Member of the Illinois House of Representatives
- In office 1969–1981

Personal details
- Born: Goudyloch Safford Erwin May 28, 1919 Atlanta, Georgia, U.S.
- Died: February 28, 2008 (aged 88) Davidson, North Carolina, U.S.
- Party: Republican
- Spouse: Robert C. Dyer
- Education: Agnes Scott College (BA)

= Goudyloch E. Dyer =

American politician and librarian

Goudyloch Safford (née Erwin) "Giddy" Dyer (May 23, 1919 - February 28, 2008) was an American politician and librarian who served as a member of the Illinois House of Representatives.

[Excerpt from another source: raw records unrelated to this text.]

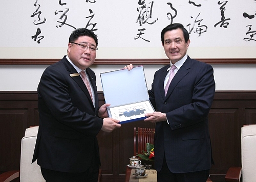Mr. Shin was accompanied to the Presidential Office in the morning by Junior Chamber International Executive Vice President Rafael Dizon III, JCI Vice President James Tsui, and Taiwan Junior Chamber President Dennis Shen to meet with President Ma. Also in attendance was National Security Council Deputy Secretary-General Ho Szu-yin.
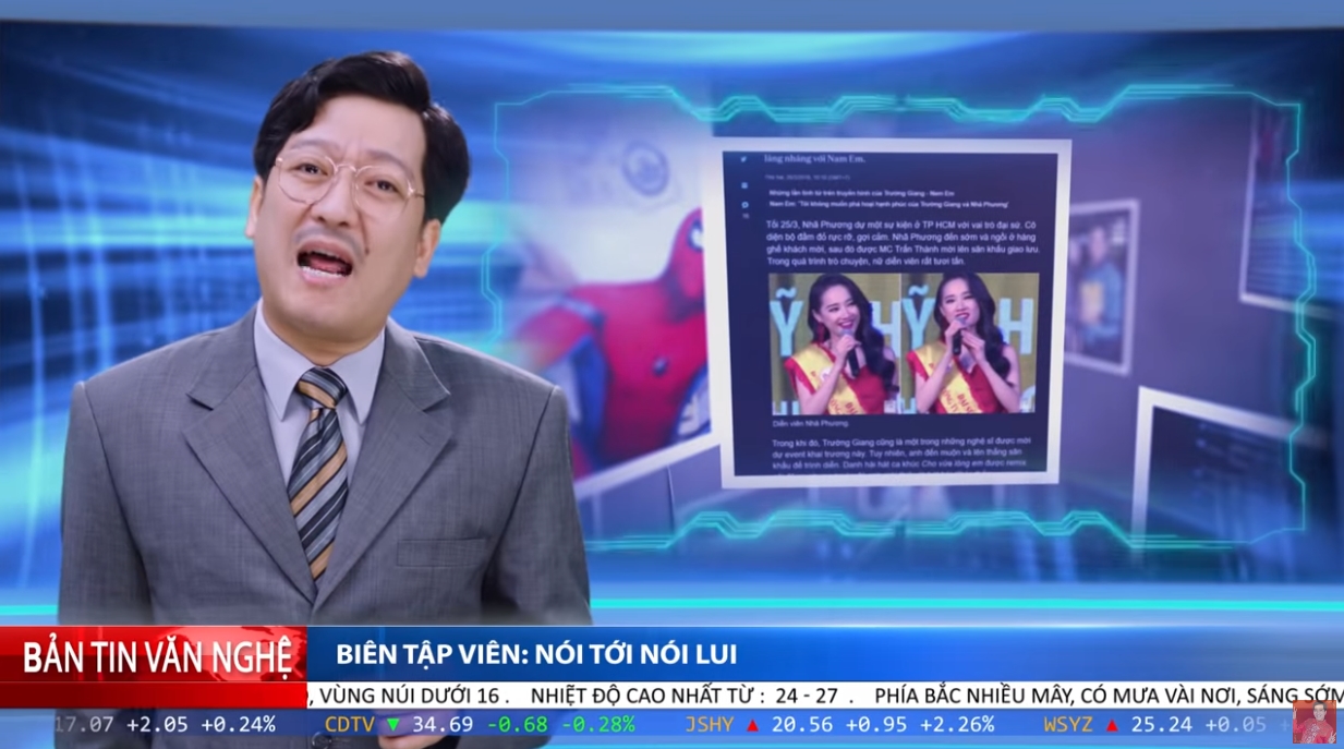 Xuất hiện trong đoạn clip, Trường Giang vào vai người dẫn chương trình duyên dáng đưa tin về việc sẽ cho phóng viên (Nhã Phương) đến tận nhà để hỏi rõ những thắc mắc bấy lâu của khán giả. Bà xã “Mười Khó” khiến cư dân mạng “cười ngất” khi liên tục “hỏi xoáy” ông chồng: “Anh vừa lùn vừa xấu vậy bí quyết gì để anh có thể chinh phục trái tim của một nữ diễn viên xinh đẹp?“. Đáp lại, Trường Giang cũng “chặt chém” vợ không thương tiếc.
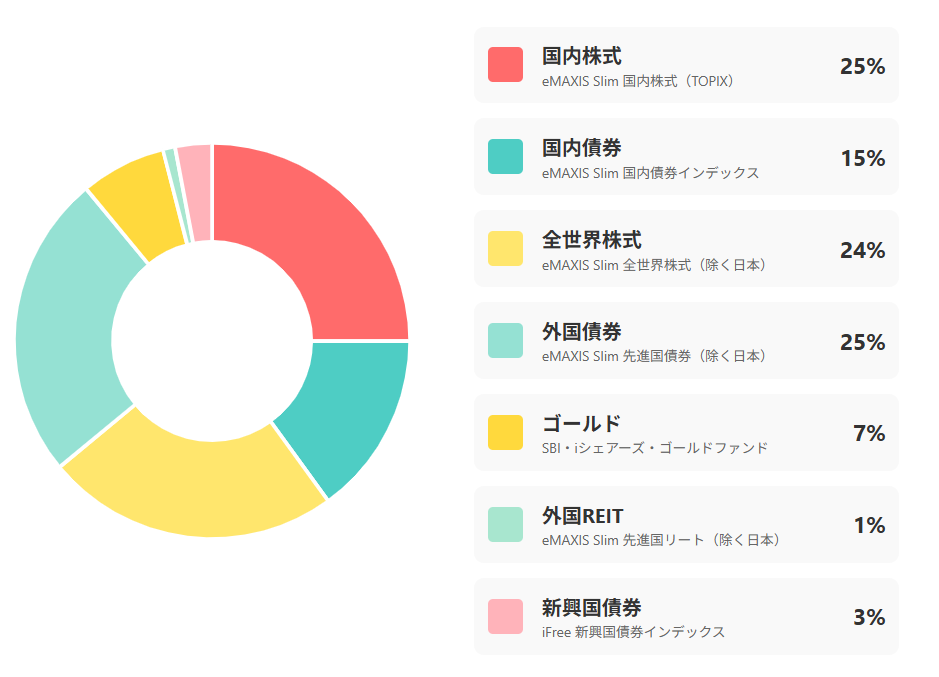 国内株式と国内債券の配分は、初級・中級と同じです。先進国株式は単独ではなく、新興国株式も含めた全世界株式(eMAXIS Slim全世界株式)で24%とします。先進国債券は中級編よりもさらに減らして25%としました。ゴールドは、中級編と同じく7%を維持しています。

== Early life and education ==
Born in Atlanta, Georgia, Dyer grew up in Davidson, North Carolina. She graduated from Agnes Scott College in 1938.

== Career ==
Dyer worked as a children's librarian in New York before marrying Robert C. Dyer. Dyer and her husband moved to Chicago and lived in Western Springs before settling in Hinsdale, Illinois, where she became involved with the Republican Party and served on the DuPage County, Illinois Board. From 1969 to 1981, Dyer served as a member of the Illinois House of Representatives. Dyer was one of 2,000 delegates to the 1981 White House Conference on Aging.

In the 2020 miniseries Mrs. America, Dyer was portrayed by Laura de Carteret.

== Personal life ==
Dyer died of heart failure at her home in Davidson, North Carolina.